Outdoor Hub mobile, the outdoor information engine


----------



## rghtcombo (Sep 15, 2011)

I used them in the Ash. last year when it was quite dirty. I used 10mm sunset Orange and caught fish. I have pretty much switched to them as my go to presentation. I carry about 12 to 15 different colors and sizes. I still carry sacks but if I tie a dozen I come home with 10.


----------



## ReelPower (May 18, 2009)

If they fool the smartest trout around they work for our einstein steelies.


Outdoor Hub mobile, the outdoor information engine


----------



## brodg (Sep 6, 2010)

fredg53 said:


> No I have not but it will be interesting to watch this thread
> 
> Outdoor Hub mobile, the outdoor information engine


Right on Fred, the haters will have something to say about this.

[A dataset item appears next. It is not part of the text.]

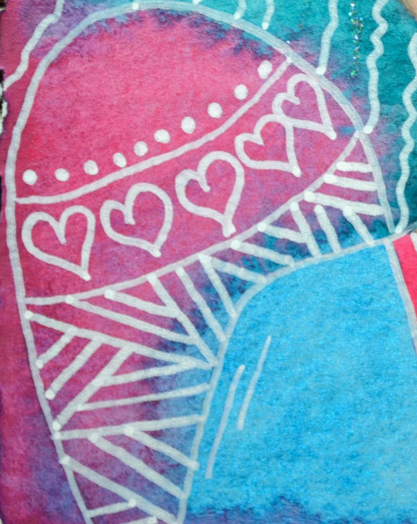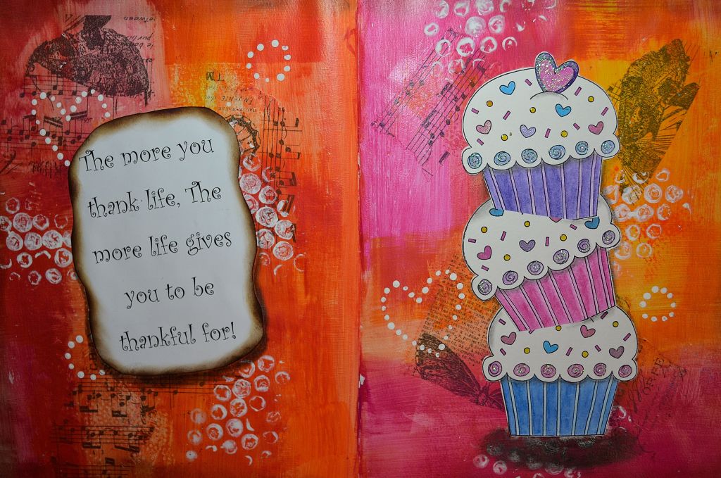 It’s fun to see where your art ends up because when I made this I started with my cupcake stamp and it grew into a stack. There wasn’t a lot of planning involved but rather going with the flow. So when you’re journaling and leery of the blank page, just start even if you only add a few scribbles. The important thing is to start and let your creative muse take over and have fun!!

Outdoor Hub mobile, the outdoor information engine


----------



## allegheny river kid (Apr 9, 2010)

Beads over the past 2 seasons have accounted for probably as many fish as eggs have for me. I like to use a single waxworm on the bare hook located below the egg. Deadly combo for me.


----------



## ShutUpNFish (Apr 17, 2007)

NOoooooooooo Those are no good...I wouldn't use 'em

EVERY fish hooked right in the corner of the mouth....I don't see any reason for debate....bottom line.


----------



## Fishermon (Jan 31, 2009)

I have had very good luck with them when I have fished them. I don't fish them very often though as I prefer to fish with flies I tie.


----------



## jjshbetz11 (Oct 25, 2010)

Well I tied a couple leaders with beads up last night so hopefully I can get some "me" time to try them out...


----------



## Fishaholic69 (Apr 6, 2007)

Never used beads but made up some glue eggs. They will work tho! steelies aren't that smart especially in the spring! I like sucker spawn flies the best but also use single egg glo bug or mcfly foam eggs and I slay them! try Oregon cheese colored! all colors work tho! Orange, Chart,Pink are good too!


----------



## ShutUpNFish (Apr 17, 2007)

The one thing that frustrates me about beads is that they are so difficult to interchange, especially when its freezing out(my favorite time to fish). I'm quite suprised that nobody has come out with a more interchangable peg bead system. I found these the other day and am going to give this method a try. For you bead guys, I'm sure you know what I'm talking about....you might give this a try yourselves.....I also found some rubber beads on ebay that have a large assortment of colors/sizes as well.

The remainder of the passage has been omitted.